🤖 AI Summary
To address the challenge of identifying vulnerable road users (VRUs) under metamerism—where spectrally distinct objects appear identical under urban lighting conditions—this paper proposes a hyperspectral band selection method integrating Contrast Signal-to-Noise Ratio (CSNR) and Joint Mutual Information Maximization (JMIM). It is the first to incorporate image quality metrics into band optimization to enhance spectral separability between VRUs and background. Evaluated on the H-City dataset, the method identifies three optimal bands: 497 nm, 607 nm, and 895 nm (±27 nm). Compared to RGB, these bands improve Euclidean distance, Spectral Angle Mapper (SAM), Hotelling’s T² statistic, and CIE ΔE by 70.24%, 528.46%, 1206.83%, and 246.62%, respectively, significantly boosting perception robustness. This work establishes a novel paradigm for lightweight deployment of hyperspectral sensing in ADAS and autonomous driving systems.
📝 Abstract
Protecting Vulnerable Road Users (VRU) is a critical safety challenge for automotive perception systems, particularly under visual ambiguity caused by metamerism, a phenomenon where distinct materials appear similar in RGB imagery. This work investigates hyperspectral imaging (HSI) to overcome this limitation by capturing unique material signatures beyond the visible spectrum, especially in the Near-Infrared (NIR).
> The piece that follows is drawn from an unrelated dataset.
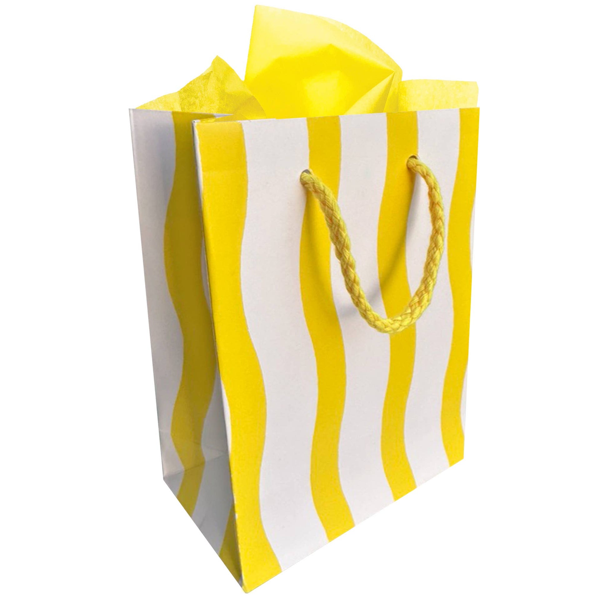 Small gift bags designed by The Social Type, with woven cord handles and printed interiors. Tissue paper not included.

To manage the inherent high-dimensionality of HSI data, we propose a band selection strategy that integrates information theory techniques (joint mutual information maximization, correlation analysis) with a novel application of an image quality metric (contrast signal-to-noise ratio) to identify the most spectrally informative bands. Using the Hyperspectral City V2 (H-City) dataset, we identify three informative bands (497 nm, 607 nm, and 895 nm, $pm$27 nm) and reconstruct pseudo-color images for comparison with co-registered RGB. Quantitative results demonstrate increased dissimilarity and perceptual separability of VRU from the background. The selected HSI bands yield improvements of 70.24%, 528.46%, 1206.83%, and 246.62% for dissimilarity (Euclidean, SAM, $T^2$) and perception (CIE $ΔE$) metrics, consistently outperforming RGB and confirming a marked reduction in metameric confusion. By providing a spectrally optimized input, our method enhances VRU separability, establishing a robust foundation for downstream perception tasks in Advanced Driver Assistance Systems (ADAS) and Autonomous Driving (AD), ultimately contributing to improved road safety.